Il a également un lien avec la naissance, parce que la parole est un acte créateur qui permet de se régénérer, de sortir nouveau. Eliane Potiguara doit parler sinon son corps en souffre. Son œuvre poétique appelle les femmes à la parole, comme c’est le cas du poème « a denúncia » :

O mulher, vem cá Que fizeram do teu falar ? O mulher conta aí…

151 Pierre Bourgade, préface, in Alain Marc, Ecrire le cri. Sade, Bataille, Maïakoski, Orléans, L’écarlate, 2000, 182 p.

Conta aí da tua trouxa Fala das barras sujas Dos teus calos na mão O que te faz viver, mulher ? Bota aí teu armamento. Diz aí o que te faz calar… Ah ! Mulher enganada

Quem diria que tu sabias falar ! (Eliane, 73)

La femme, première victime de l'oppresseur, est clairement sollicitée pour parler. Les oppresseurs ne sont même pas mentionnés : ils sont éludés du poème pour que la femme, « mulher », soit pour une fois au centre de l’attention. C'est l'héroïne de ce poème. Le sujet, et non plus l'objet. Son corps qu'on viole ou qu'on torture doit dorénavant mettre sa parole en avant. Contrainte au silence, la femme doit se délivrer de la honte par la parole. La parole est délivrance. Accoutumée à la honte et au silence, la femme indigène tait ses douleurs bien qu’elle soit la victime d’atrocités, comme l’illustre le poème « terra-mulher » :

E és nobre por calar-te nesta hora Es humilde e guerreira.

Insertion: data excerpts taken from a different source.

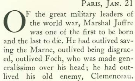Paris correspondent Janet Flanner noted the passing of 78-year-old French Field Marshal Joseph Joffre, the last of the great World War I military leaders. Note that Flanner referred to Joffre’s war as “the world war,” since the next world war was still on the horizon.
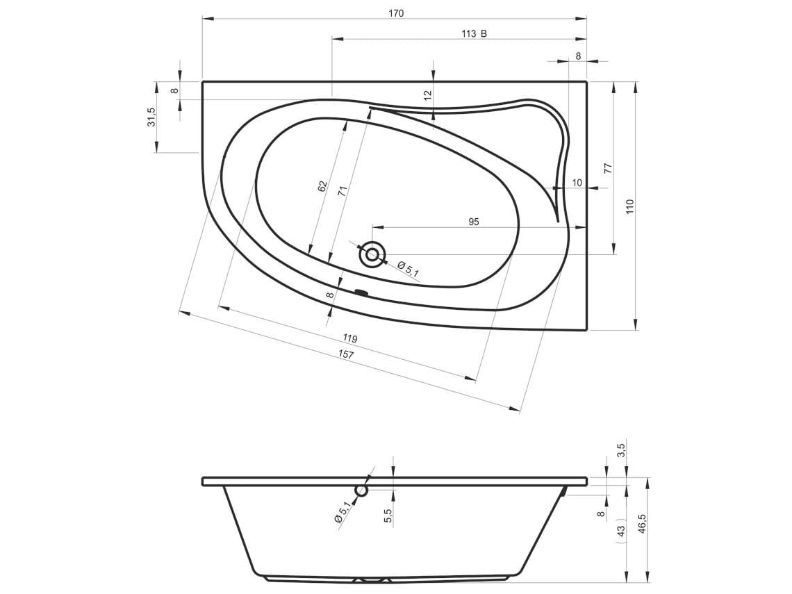 - Wymiary: 170 x 110 x 46,5 cm
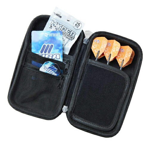 従来のスマートケース同様、ダーツをそのまましまう事ができ、 小物類も一緒に収納できるオールインワンタイプ ■スペック サイズ:高さ175mm×幅140×厚さ(最薄部)35mm(最厚部)45mm カラーバリエーション:レッド・オレンジ
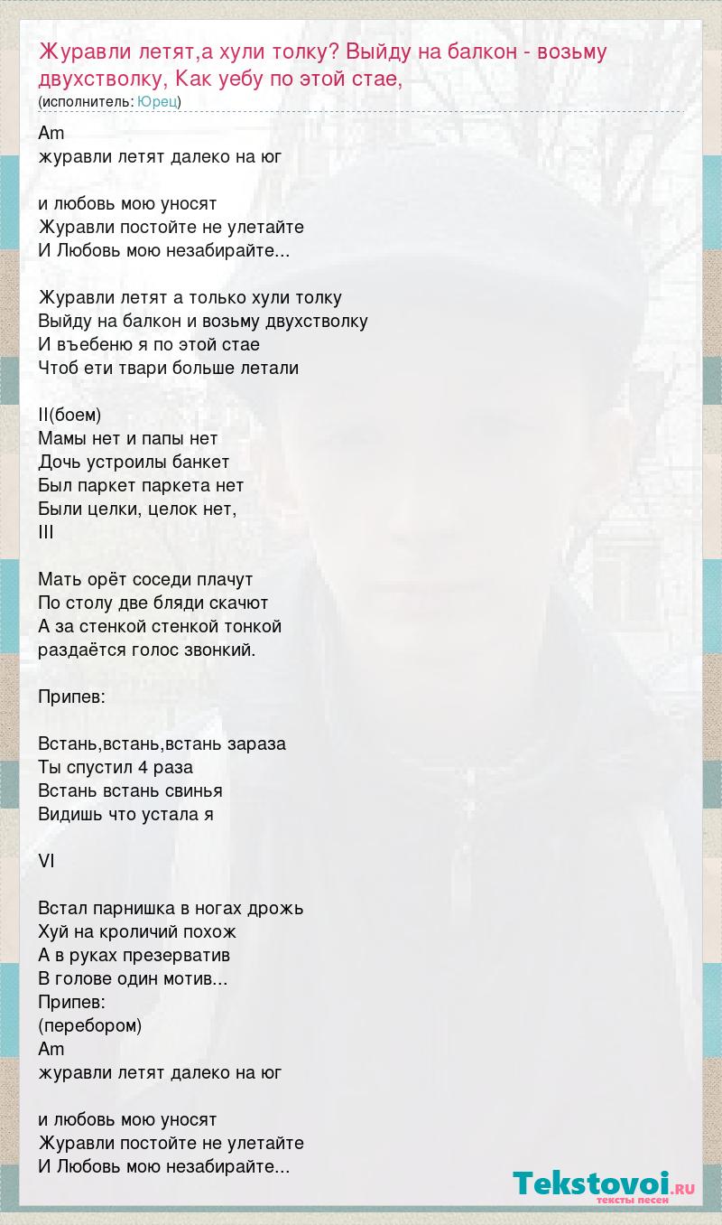 Аm журавли летят далеко на юг и любовь мою уносят Журавли постойте не улетайте И Любовь мою незабирайте... Журавли летят а только хули толку Выйду на балкон и возьму двухстволку И въебеню я по этой стае Чтоб ети твари больше летали II(боем) Мамы нет и папы нет Дочь устроилы банкет Был паркет паркета нет Были целки, целок нет, III Мать орёт соседи плачут По столу две бляди скачют А за стенкой стенкой тонкой раздаётся голос звонкий. Припев: Встань,встань,встань зараза Ты спустил 4 раза Встань встань свинья Видишь что устала я VI Встал парнишка в ногах дрожь Хуй на кроличий похож А в руках презерватив В голове один мотив... Припев: (перебором) Аm журавли летят далеко на юг и любовь мою уносят Журавли постойте не улетайте И Любовь мою незабирайте...

Mas sei que tens uma cachoeira de lágrimas Dentro do peito

E uma enorme garra na VOZ

Pra gritar esse massacre SEM PAZ (Eliane, 73)

Le poème « Mulher ! » appelle les femmes à la parole pour se libérer de la douleur et de la honte oppressantes :

Vem, irmã

Bebe dessa fonte que te espera Minhas palavras doces ternas.

Grita ao mundo A tua história

Vá em frente e não desespera. (…)

Vomita o teu silêncio (…)

Vem, irmã

Liberta tua alma aflita Liberta teu coração amante Procura a ti mesma e grita : Sou uma mulher guerreira

Sou uma mulher consciente ! (Eliane, 76)

La femme doit oser dire sa douleur et trouver le courage de parler. Le silence prend ici l'apparence du vomi : il doit être jeté hors du corps. Il se manifeste en réaction à une maladie, un trauma. Le silence peut donc être post-traumatique.

L’acte poétique et l’acte social relèvent d’une grande cohésion dans l’œuvre de Eliane Potiguara. Ce droit à la parole, ce combat pour que les histoires tues soient clamées va être mené auprès des femmes indigènes par le biais du GRUMIN.